» **TASK STATEMENT**:
In the material below, begin at the line that has "Sensitive Infill Development", stop after the line that has "Eguzki and Ikerlan", and transcribe those lines exactly, without pictures.

» **DATA EXTRACTS**:

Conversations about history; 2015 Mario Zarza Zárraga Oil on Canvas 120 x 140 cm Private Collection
...
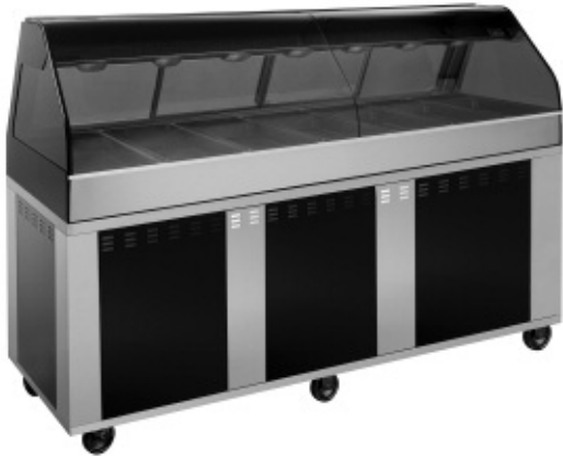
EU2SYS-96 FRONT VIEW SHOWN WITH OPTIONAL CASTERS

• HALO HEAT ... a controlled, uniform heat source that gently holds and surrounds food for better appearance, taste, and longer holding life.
* * *
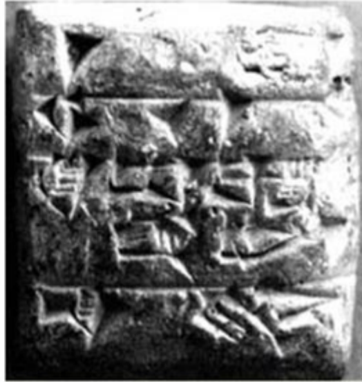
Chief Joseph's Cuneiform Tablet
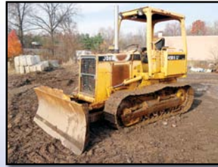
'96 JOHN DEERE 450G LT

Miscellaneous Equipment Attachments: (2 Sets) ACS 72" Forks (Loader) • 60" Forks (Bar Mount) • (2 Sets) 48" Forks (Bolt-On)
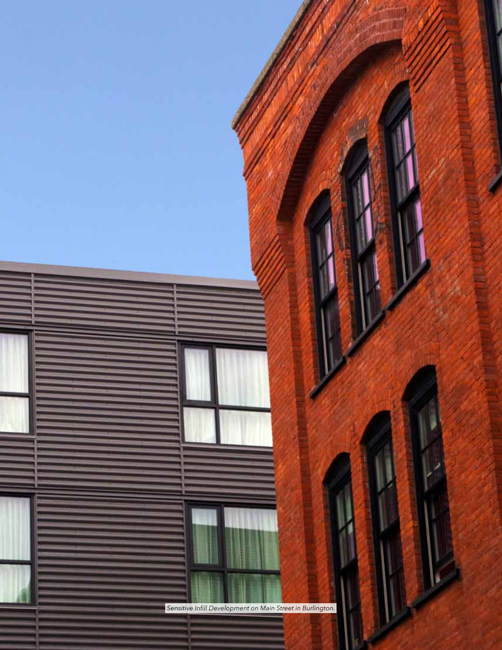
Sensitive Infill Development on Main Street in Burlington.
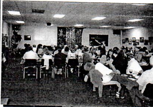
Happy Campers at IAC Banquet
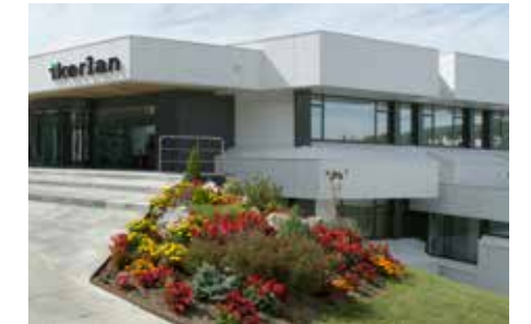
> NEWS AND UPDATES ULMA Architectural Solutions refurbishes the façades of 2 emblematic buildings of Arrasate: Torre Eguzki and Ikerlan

» **COMPLETED TASK**:
Sensitive Infill Development on Main Street in Burlington.
Happy Campers at IAC Banquet
> NEWS AND UPDATES ULMA Architectural Solutions refurbishes the façades of 2 emblematic buildings of Arrasate: Torre Eguzki and Ikerlan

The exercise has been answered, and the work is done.